PhosEnergy receives $2.4 million to develop next-gen nuclear batteries

PhosEnergy will use GenX technology to develop the reliability of its nuclear battery technology.

The University of Adelaide’s industry partner, PhosEnergy, has received a $2,427,689 grant to further develop its nuclear battery technology for space and defence industries.

Under the federal government’s Cooperative Research Centres Projects (CRC-P) grant, which provides funding for short-term research collaborations, PhosEnergy can further develop the reliability and maintenance of its fuel-free nuclear battery technologies.

This funding will help University of Adelaide experts work with PhosEnergy on research that will directly improve the capability of the defence and space sectors, the university’s deputy vice-chancellor, Professor Anton Middelberg said.

“This funding will help our defence forces have access to cutting-edge technology that will ensure the safety of our nation and that of our trusted allies,” Middelberg said.

“A long-life, reliable, maintenance and fuel-free power system for low-Earth orbit, lunar and deep-space applications are critical for enabling the next phases of space exploration.”

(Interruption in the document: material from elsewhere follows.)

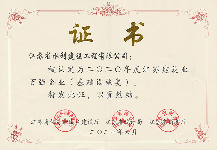 江蘇建筑業(yè)百強企業(yè)2022年度證書

GenX technology was invented by PhosEnergy’s managing director, Bryn Jones, and chief scientist, Dr Julian Kelly.

Secured integrated communications and sensor developments are driving the requirement for a portable and autonomous long-term power source.

The global market for power generation in space is already estimated to be worth $3.7 billion a year and is forecast to continue double-digit growth for the foreseeable future.

The global market will focus on extended missions, long-term habitation, and sustainable resource recovery on the moon, Jones said.

“The burgeoning space industry and increasingly sophisticated remote defence sites where power-hungry technology is located create enormous demand for long-life, fuel-free power sources,” Jones said.

The university’s Professor Nigel Spooner and associate professor Tony Hooker from the School of Physical Sciences in the Faculty of Science, Engineering and Technology will lead the university’s role in the project.

Spooner’s research commitment is divided between the university and the Defence Science and Technology Group.

DEWC Systems, Duromer Products, the University of South Australia, and the University of Western Australia will also be part of the partnership working on this project.

The space and defence industries need more effective technology for their remote power generation, Spooner said.

“What sets this new generation of nuclear batteries apart is that they use beta particles unlike current batteries which use plutonium,” Spooner said.

“By selecting the beta isotope used, we can customise battery life according to different applications.”